The quantum dynamics calculations of the H + HS (v = 0, j = 0) reaction on the 3A' and 3A″ potential energy surfaces (PESs) are performed using the reactant coordinate based time-dependent wave packet method. State-averaged and state-resolved results for both channels of the title reaction are presented in the 0.02-1.0 eV collision energy range and compared with those carried out with quasi-classical trajectory (QCT) method. Total integral cross sections (ICSs) for both channels are in excellent agreement with previous quantum mechanical (QM)-Coriolis coupling results while poorly agree with the QCT ICSs of the exchange channel, particularly near the threshold energy region.
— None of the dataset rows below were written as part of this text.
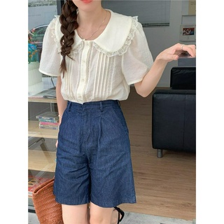 Áo Sơ Mi Phối Ren Ngắn Tay Phong Cách Hàn Quốc Dễ Thương 54870 2 Màu Lựa Chọn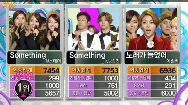この日1位の競争の端に東方神起が 'Something(ソムシン)」で1位を獲得した。ユンホ(ユノ)は「社長と先輩·後輩歌手の皆さんに感謝である。'音楽中心のスタッフの皆様にも感謝し、何よりもこの賞は、カシオペアのためのものである。以上は皆さんだ」と伝えた。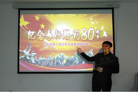 10月23日下午,公司预科五班在六附楼211教室召开学习长征精神师生座谈会,专职辅导员热依木和全体同学参加了座谈会。此次座谈会上热依木老师向大家介绍了红军长征的历史背景和意义,向同学们讲述习近平总书记在纪念长征胜利80周年大会上的发言内容,重点强调了习近平总书记提到的四个“伟大远征”。团支书麦菊丹带领同学们欣赏了长征纪录片,观看后,同学们踊跃上台发言。此次师生座谈会上,辅导员对员工提出几点希望:第一,希望同学们珍惜民族预科教育优惠政策,以德为先,勤奋学习;第二,希望同学们在生活和学习当中弘扬长征精神,从自己做起,不断传承长征精神。第三,自觉维护民族团结,要在事迹行动中践行长征精神,做新世纪最勇敢的长征者!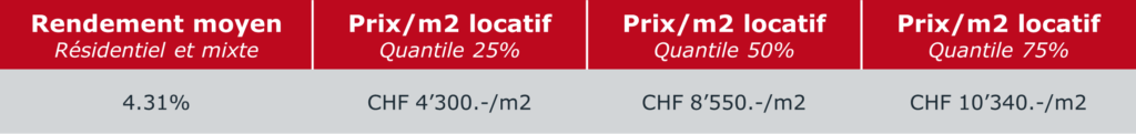 Pour cette étude de marché, nous avons essayé d’estimer le rendement brut moyen des transactions réalisées. Pour ce faire, nous avons utilisé plusieurs applications basées sur l’IA, nous permettant de compiler différentes données utiles au calcul des surfaces locatives probables et à l’estimation des loyers de marché. Ainsi, nous avons pu déterminer les états locatifs potentiels des immeubles résidentiels et mixtes. Les résultats pour les immeubles commerciaux ne nous paraissant pas pertinents, nous les avons exclus de notre analyse. En combinant nos résultats avec les prix de vente communiqués par la FAO et en écartant les valeurs extrêmes, cela nous a permis de déterminer un rendement brut moyen de 4.31% sur le volume d’environ CHF 1.45 Mrd investi dans les immeubles résidentiels et mixtes.
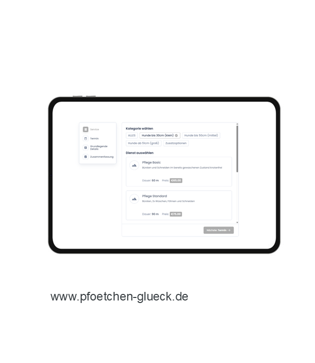 Ihr Terminplan lässt sich in Echtzeit verwalten, und Ihre Kunden können rund um die Uhr bequem Termine reservieren. Das sorgt für mehr Professionalität, bessere Planbarkeit und ein reibungsloses Nutzererlebnis.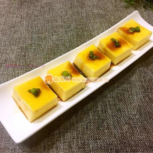11.然后把砧板蓋在容器上,然后倒扣,取出容器,再利用菜刀小心翼翼的把雞蛋羹翻過來,切成小塊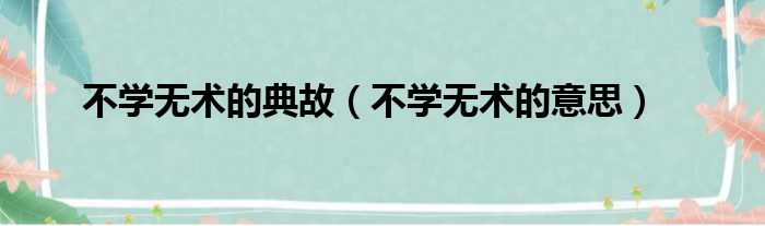 导读 大家好,小东方来为大家解答以上的问题。不学无术的典故,不学无术的意思这个很多人还不知道,现在让我们一起来看看吧!1、不学无术 [ bù
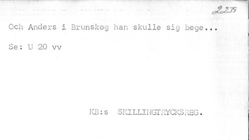 //// Och Anders i Brunskog han skulle sig bege... Se: U 20 vv //// KB:s SKILLINGTRYCKSREG. ////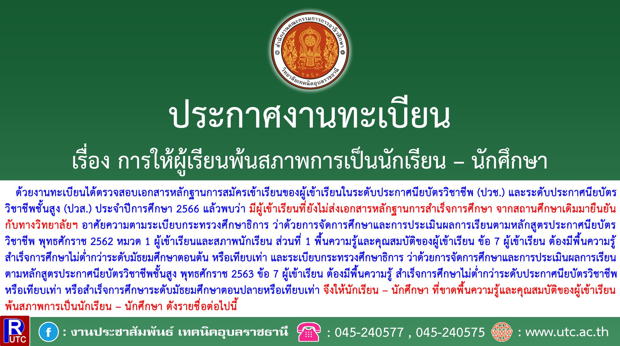 📣📣ประกาศงานทะเบียน📣📣

The product rotational distributions show that for the abstraction channel, the agreement between our QM and the QCT results improves with increasing collision energy. For the exchange channel, our calculations predict colder rotational distributions as compared to those obtained by QCT calculations. Although the QM total differential cross sections (DCSs) are in qualitatively good agreement with the QCT results, the two sets of the state-to-state DCSs with several peaks exhibit great divergences. The origin of the divergences are traced by analyzing the QM DCS for the H + HS (v = 0, j = 0) → H2 (v' = 0, j' = 0) + S reaction on the 3A″ PES at Ec = 1.0 eV. It is discovered that several groups of J partial waves are involved in the reaction and the shape of the DCS is greatly altered by quantum interferences between them.